The newly formed veins in Lu Yan’s flesh twitched with each of her sobs, especially around his still-exposed chest cavity, where his heart thrashed wildly.
"Hey, don’t flatter yourself. I didn’t end up like this for you! I told you—thermal expansion, plus a stupid fall!"
Xia Miao: "I know I hurt you!"
"Stop crying, you look ugly!" Lu Yan fumbled closer, clumsily wiping her tears. "I’d never wreck myself for someone this ugly!"
"I already feel guilty... and heartbroken, and now you’re calling me ugly?!" Xia Miao plopped onto the floor and wailed, "Lu Yan, you’re hurting me!"
Lu Yan froze, especially at the word "heartbroken." A strange emotion surged through his half-repaired body, unfamiliar and overwhelming.
Heartbroken?
He’d never known the feeling. Hunger, pain—those were just part of life, like the tiny cage he’d grown up in. Even now, this fog-shrouded campus was just a bigger cage.
Xia Miao scooted closer, hands hovering, unsure where to touch him. Her cries grew louder. "Lu Yan, does it hurt? It must be awful—what do I do? I’m useless! I can’t help you with anything except money!"
"Lu Yan, you’re not gonna die, are you?!"
"I don’t want you to die! I still wanna marry you!"
Her sobs escalated, sounding almost like mourning.
At first, she’d joked about his ruined state, but deep down, she was terrified—afraid his flesh would rot away completely, leaving nothing but bones.
Bones... how uncomfortable would hugging a skeleton be?
Lu Yan was never quick-witted. He didn’t know how to comfort her. Strangest of all, watching Xia Miao cry like a storm-battered branch, hearing her hiccupping wails, his own eyes reddened.

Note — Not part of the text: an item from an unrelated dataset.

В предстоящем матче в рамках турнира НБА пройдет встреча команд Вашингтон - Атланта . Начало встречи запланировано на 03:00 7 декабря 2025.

His breath hitched, and before he knew it, he was crying too.
"Miao Miao, I’ll be fine. I wanna marry you too!"
His flesh regenerated faster now, rapidly covering exposed bone. The moment his skin sealed, he pulled Xia Miao into his arms, the hollow spaces beneath his bandages filling at last.
The naked boy clung to the girl, both burying their faces in each other’s shoulders, weeping uncontrollably.

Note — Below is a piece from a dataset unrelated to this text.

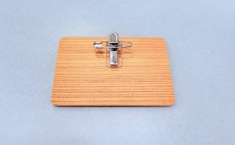 尾鷲ヒノキを使用した名札です。レーザー加工により社名、ロゴ、氏名などのご要望に対応可能です。
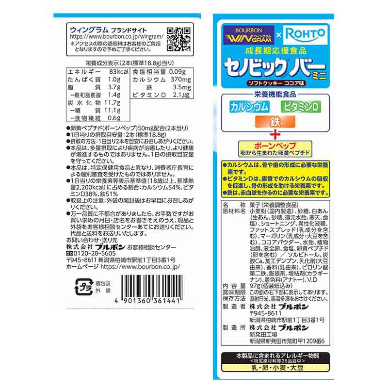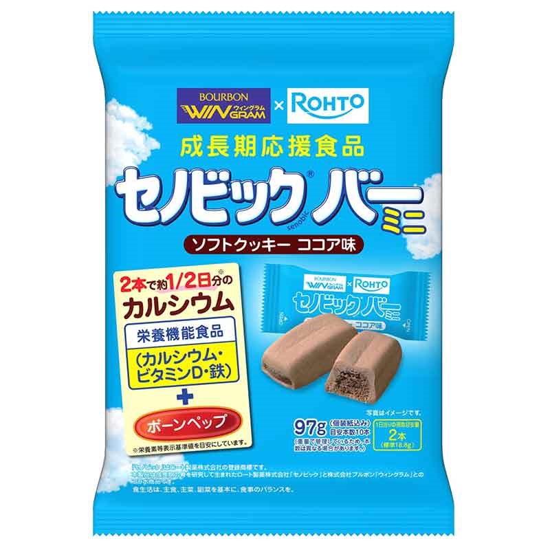 成長期のお子様に大切な栄養素を手軽に摂れる栄養機能食品(カルシウム・ビタミンD・鉄)です。 ミニバータイプのソフトクッキーが1本ずつ個包装されています。 ロート製薬株式会社:セノビックと株式会社ブルボン:ウィングラムとのコラボ商品です。

Outside the door, three figures pressed against it, eavesdropping.
Conjoined Twin Brother: "What’s happening in there?"
Conjoined Twin Brother: "I hear a woman crying—did she get eaten?"
Conjoined Twin Brother: "But there’s a guy crying too. Are they fighting?"

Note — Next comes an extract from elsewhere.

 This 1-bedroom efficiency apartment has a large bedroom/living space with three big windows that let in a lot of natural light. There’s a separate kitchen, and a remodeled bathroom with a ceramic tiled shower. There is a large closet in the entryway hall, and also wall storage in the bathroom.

The Headless Woman, clutching her recently recovered skull, nodded in agreement.
The old gardener grabbed the twins and the Headless Woman, herding them away. "Alright, alright, quit meddling in the young couple’s business."
The two idiots cried themselves out, finally collapsing in exhaustion. Their tear-streaked faces mirrored each other—a perfect pair of tragic lovers.
At last, Xia Miao dared to touch his body.
Even reconstructed, his flesh only returned to its original state—pale skin crisscrossed with surgical scars, his abdomen and limbs marred by centipede-like marks, large and small, horrifying to see.
He squirmed, catching her hand before it could linger on his chest. "Miao Miao, don’t look. I’m ugly."
Xia Miao wanted to cry again. She wrapped her arms around his neck, burying her face in the crook of his shoulder, breathing in his scent. Her voice came out muffled as she said, "Plus a hundred points."
Lu Yan froze, looking down at her in surprise, only seeing the top of her tousled head. "A... a hundred points?"
"Mm. You've already maxed out your score. Congratulations on successfully winning me over." Xia Miao lifted her face, her delicate, radiant features streaked with tears like pear blossoms in the rain. "Lu Yan, come and devour me."